[Task details] Quote every line of the data below as it stands, omitting pictures.

[Recorded data]
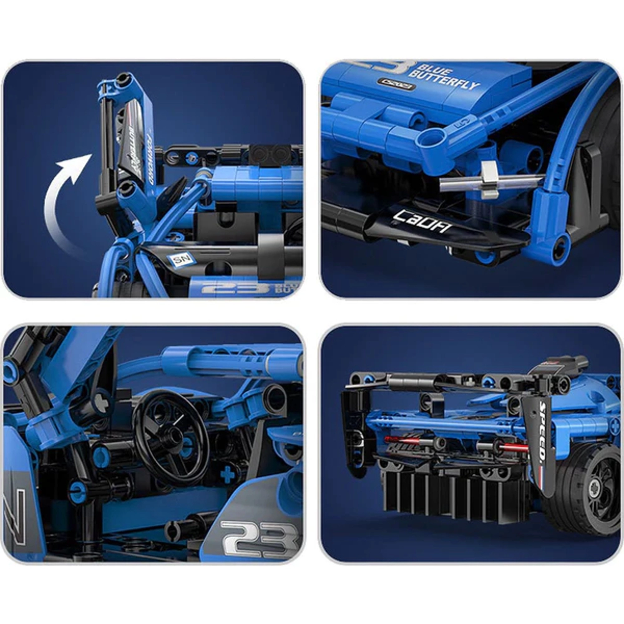 Le modèle, d’un élégant bleu avec des éléments noirs, propose des portes ouvrantes, un aileron réglable et un volant fonctionnel. Les pièces sont compatibles avec d’autres sets CADA, vous pouvez donc agrandir votre collection et créer des constructions encore plus ambitieuses. L’emballage est soigné, idéal comme cadeau pour les enfants dès 6 ans et les constructeurs passionnés.
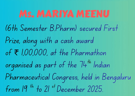 The College offers B.Pharm, M.Pharm, Pharm.D and D.Pharm programmes and is pledged to provide advanced facilities to comply with technological advancements in pharmaceutical sciences. The institute is highly research oriented and enjoys great Academic - Industrial interactions.
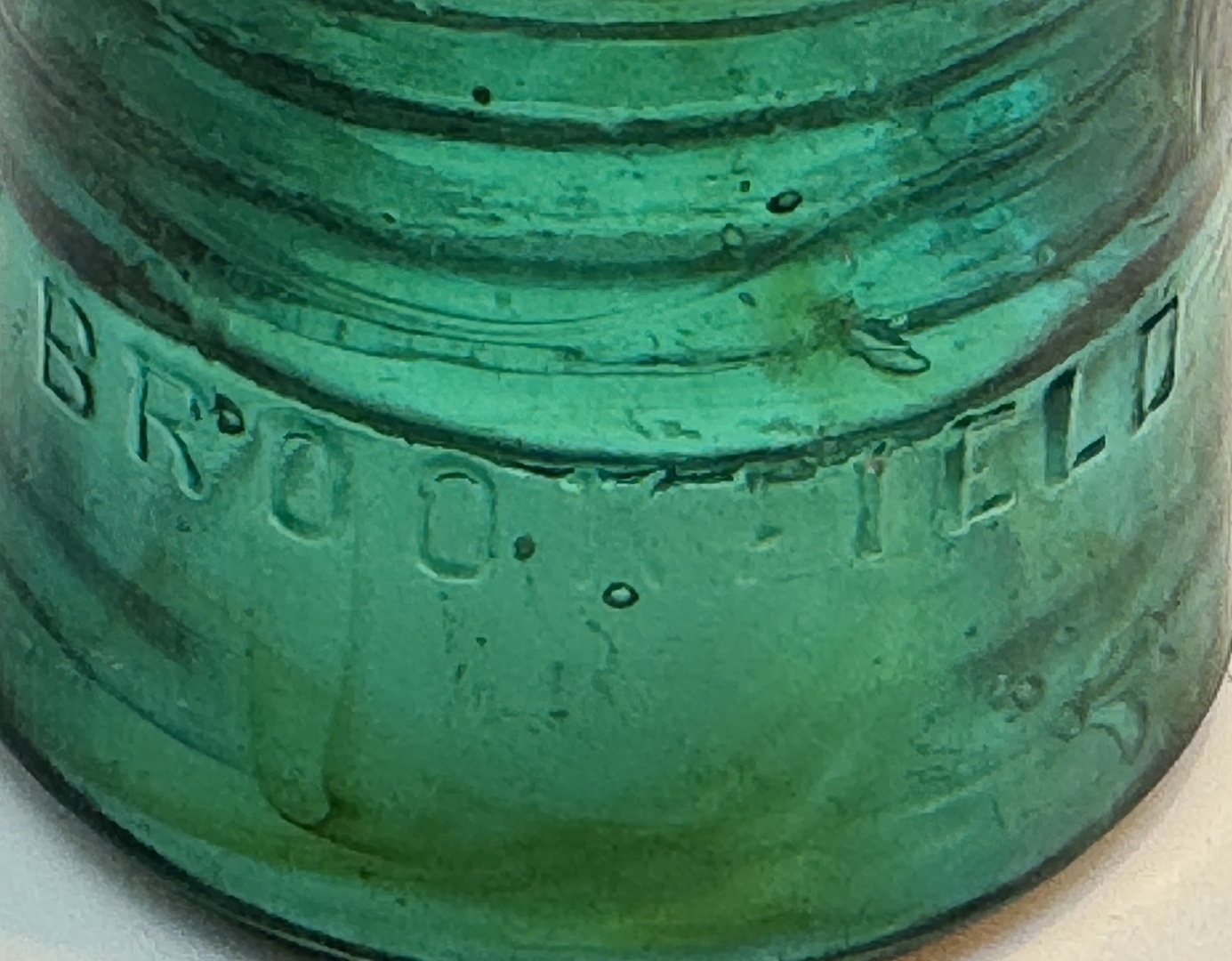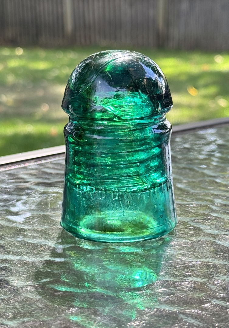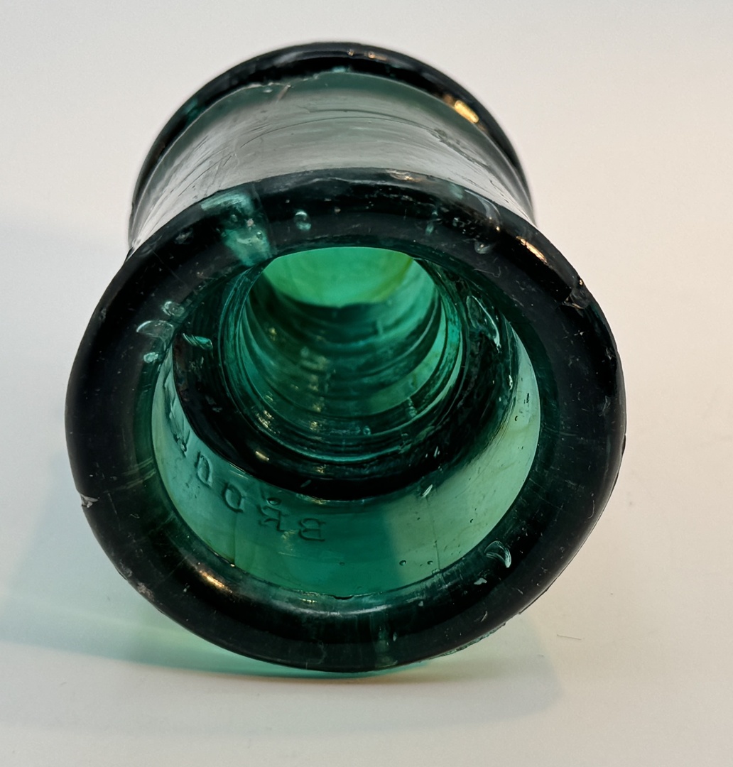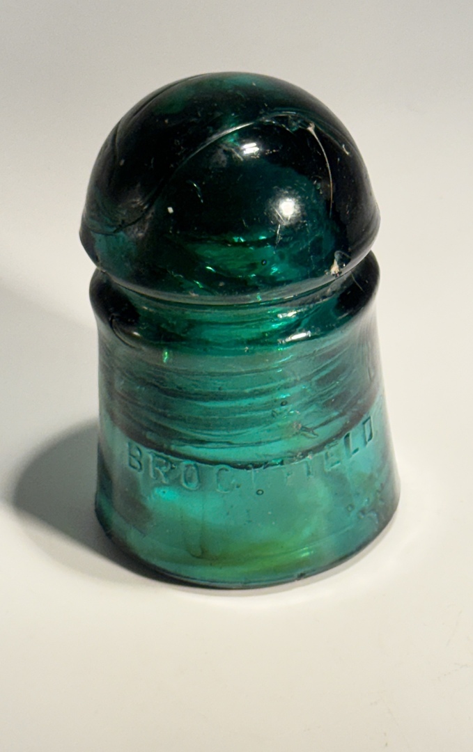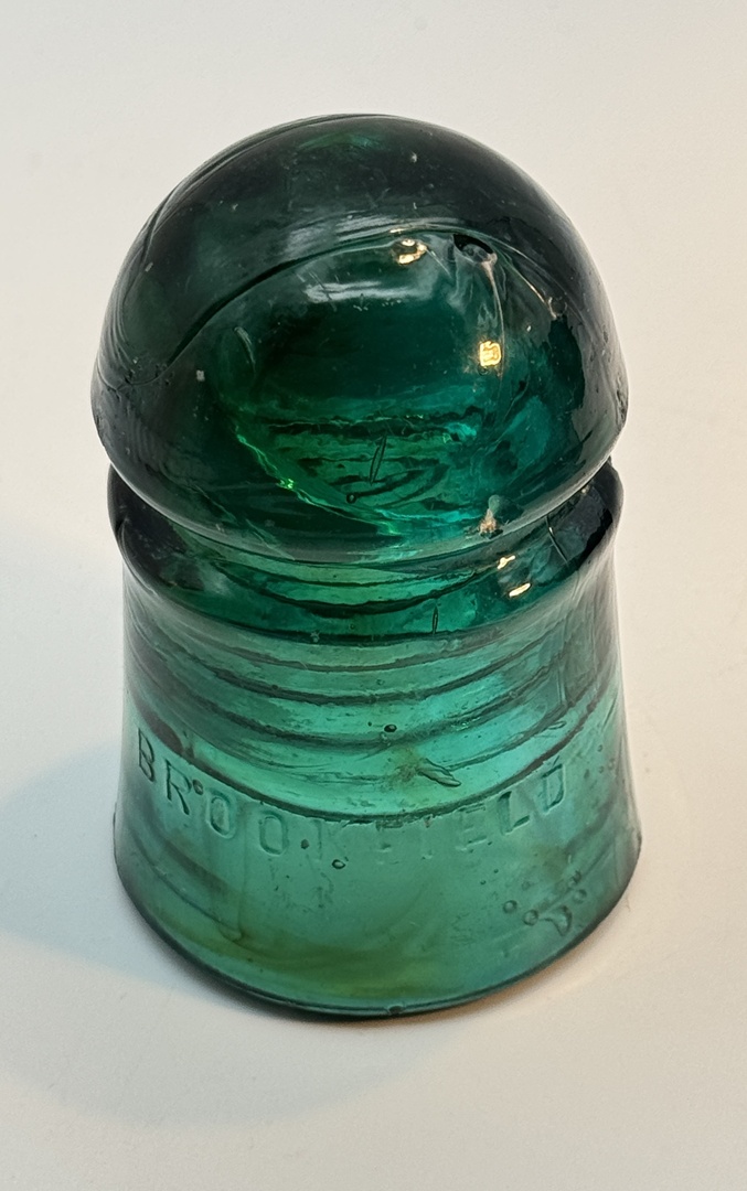 This Brookfield insulator is a beautiful example of early telecommunications history. The deep green color is particularly rare and eye-catching, making it a standout piece even with its wear and tear. It would be a fantastic addition to a vintage glass collection or as a unique decorative item.

[Result of this exercise]
 Le modèle, d’un élégant bleu avec des éléments noirs, propose des portes ouvrantes, un aileron réglable et un volant fonctionnel. Les pièces sont compatibles avec d’autres sets CADA, vous pouvez donc agrandir votre collection et créer des constructions encore plus ambitieuses. L’emballage est soigné, idéal comme cadeau pour les enfants dès 6 ans et les constructeurs passionnés.
 The College offers B.Pharm, M.Pharm, Pharm.D and D.Pharm programmes and is pledged to provide advanced facilities to comply with technological advancements in pharmaceutical sciences. The institute is highly research oriented and enjoys great Academic - Industrial interactions.
 This Brookfield insulator is a beautiful example of early telecommunications history. The deep green color is particularly rare and eye-catching, making it a standout piece even with its wear and tear. It would be a fantastic addition to a vintage glass collection or as a unique decorative item.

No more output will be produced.